Monday, July 7, 2008

"The Two Coreys" marathon

Because it's what she wanted to do, I spent the evening watching something like eight consecutive episodes of the reality show The Two Coreys over at my friend's house. If entertainment culture is a dying man crawling across a parched desert, then celeb-reality TV is the buzzard that is circling near him and waits patiently for a nibble.

It's a simple equation: Corey Feldman + Corey Haim + 2008 = Roman spectacle of terror.

The thing is, the Coreys were only quasi-heroes even back in the Eighties, and the whole point of this new TV show is for America to gaze at the tragic sight of "the teen-dreams that time forgot" -- in their mid-thirties now, looking the worse for wear, pale shadows of whatever cultural relevance they once possessed. Feldman spends his days pitching "celebrity road-trip" shows to reality-TV producers, while chain-smoking Haim (who looks like he's been through the same physical mangling as Mark Hamill) paces around an apartment bemoaning his lack of acting work. Since Haim looks like a pirate in a seedy pirate bar, he's probably going to be limited to roles in pirate movies.

Every reality-TV show is predicated on something vaguely creepy, and here it's the twisted, onion-layered relationship between two solipsistic child-stars-turned-punchlines. They see a couples therapist together, blame one another for the abuse they endured in their years of teenage stardom, and now scheme pathetically to out-do one another (including a tit-for-tat hiring of personal assistants).

I have to hope that the whole show is essentially a put-on, because in that case I could appreciate the joke. But I suspect this is actually a lot closer to the uncomfortable truth. America has discovered that celebrities really are as screwed up as the rest of us, except with more money -- and the B-listers out there seem to be lined up 100 deep for a chance to confirm this grimly fascinating truth. At least Feldman scored a hot wife and a swank house...Haim looks to be not far off from a job in pizza delivery. In any case, it's a sad sight to see these two pinning all their hopes on cameos in the direct-to-video Lost Boys sequel. With the rise of reality TV, the "quiet desperation" of American life is now getting most of the primetime slots on cable.


rakiel said...

I caught a commercial for this not too long ago and could tell it was voyeurism at it's worse right from the get to. i agree it might be palatable if is were a joke but the sad part is they do it for the money or the fifteen minutes of fame. like Jackass movies - sato-masochism disguised as humor.

Miss Z's Classroom said...

First of all: God Bless YouTube. Secondly, God Bless You for bringing this to my attention, and thirdly, God Bless America.

After reading your post I immediately went to YouTube to find clips for this show, which for whatever twisted reason came out while I'm in exile, and there I sat for the next two hours, except for the five minutes when I got up to make myself a snack to nibble while I feasted upon the splendor that is American Reality Television.

mmm, mmm, good.

no apologies, no regrets.

Brotherman said...

Wow. With all the celeb shows out there? Be careful or you'll find yourself watching the Flavor of love, Simmons family jewels, Run's house and Rob and Big. They're contagious. Someone should do a study 'cause I swear I can feel myself getting stupider by the minute while I watch.

It's not fare to put Jackass in the same category. It's masochism for masochism's sake and there trained professionals. Let's face it we're hardwired to laugh when people hurt themselves. Try it next time there's a crying kid in the room.

rakiel said...

It's only addictive if you let it be. getting stupider is a choice so is getting smarter...
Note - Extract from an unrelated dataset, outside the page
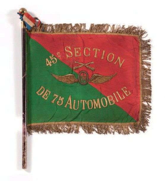 «45è Section de 75 Automobile» Fanion rectangulaire, rouge et vert, bordé de franges. Au verso uni. Hampe en bois, avec cravate tricolore.

there's nothing splendific about it - you just have too much idle time on tbem hand of yours missie

Daniel Morris said...

I'm hooked. I'm not gonna miss a single episode of this thing.

Miss Z's Classroom said... either. Since this post I've religiously checked YouTube for updates. Some blessed man keeps posting the episodes as they air. I have opinions about which of the Two Coreys is a bigger douche-bag...and I care about their feelings and speedy de-douche-bag-ification at the same time.